WHAT THIS TASK INVOLVES:
Reproduce, exactly and in full, the lines from the one with "Montaż słowny uczniów" through the one with "bern_20160116_153747MB, Zander, and" in the data below; drop pictures.

Data extracted from a collection
------------------------------------------------------------------------

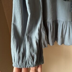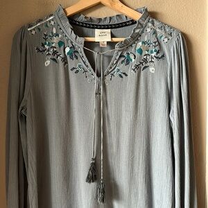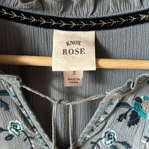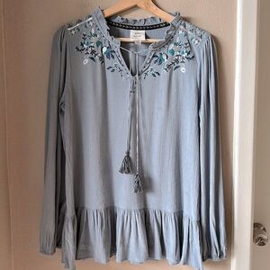 Description: KNOX ROSE Blue Embroidered Peasant Top
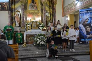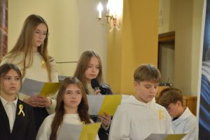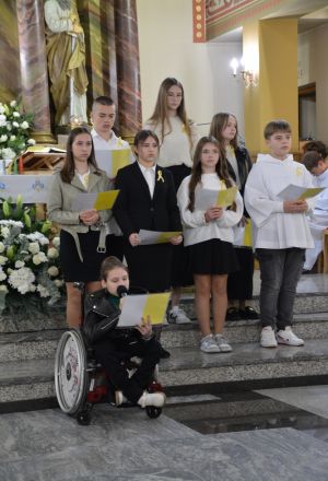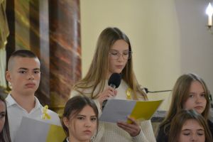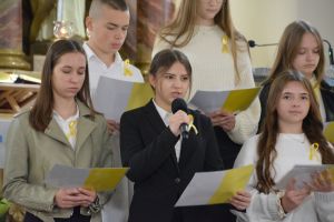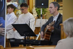 Montaż słowny uczniów został ubogacony piękną muzykom i śpiewem zespołu "Laudans" z Białorusi, który również gościł i koncertował w tą niedzielę na wszystkich Mszach świętych w naszej świątyni.
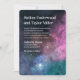 This etherial galaxy wedding invitation is perfect for a modern, whimsical wedding. The design features a colourful cosmic background with stars and modern typography for an "out of this world" event.
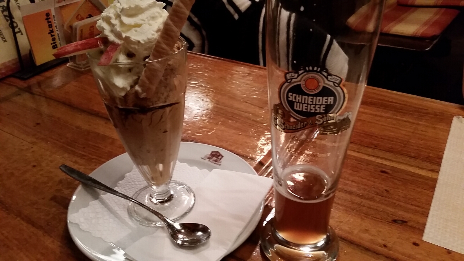 bern_20160116_153747MB, Zander, and I checked into our hotel room, a very nice Best Western. We immediately started researching some dinner options on our laptops then bundled up and headed out. We stumbled upon a restaurant called Le Mazot and it was game on. They had traditional Swiss food and we ordered a vat of cheese fondue and a hashbrown-like dish called Rösti. That was enough for us get the experience we wanted. After a long day on the train, this food hit the spot. And the beers were great. I enjoyed a wonderful Schneider Weisse Original.
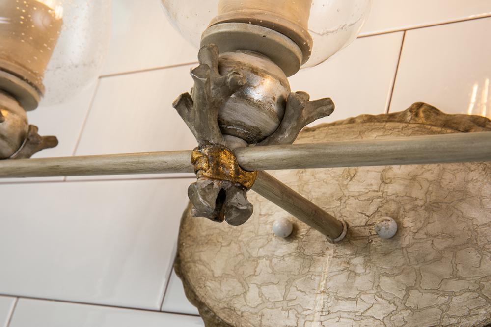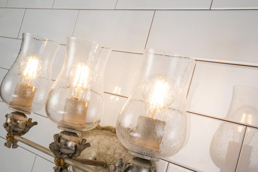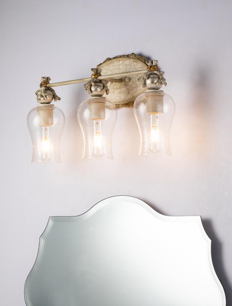 A 3-light vanity mixing vintage and modern with seedy glass hurricane shades, a cream-silver oval backplate, and gold-silver orb accents. Gold-brown edging adds depth, perfect for a fresh bathroom or living room design.
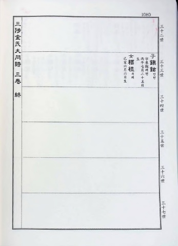 1080 =! 湖 剑 叩 치 同 女 모 己 生 丙 字 譜 亥 福 午 來 鎮 六 七 鉉 月 禮 月 래 鉱 三 六 윽 二 현 진 卷 日 生 레 十 五 현 日 終 —

------------------------------------------------------------------------

WRITTEN SOLUTION:
 Montaż słowny uczniów został ubogacony piękną muzykom i śpiewem zespołu "Laudans" z Białorusi, który również gościł i koncertował w tą niedzielę na wszystkich Mszach świętych w naszej świątyni.
 This etherial galaxy wedding invitation is perfect for a modern, whimsical wedding. The design features a colourful cosmic background with stars and modern typography for an "out of this world" event.
 bern_20160116_153747MB, Zander, and I checked into our hotel room, a very nice Best Western. We immediately started researching some dinner options on our laptops then bundled up and headed out. We stumbled upon a restaurant called Le Mazot and it was game on. They had traditional Swiss food and we ordered a vat of cheese fondue and a hashbrown-like dish called Rösti. That was enough for us get the experience we wanted. After a long day on the train, this food hit the spot. And the beers were great. I enjoyed a wonderful Schneider Weisse Original.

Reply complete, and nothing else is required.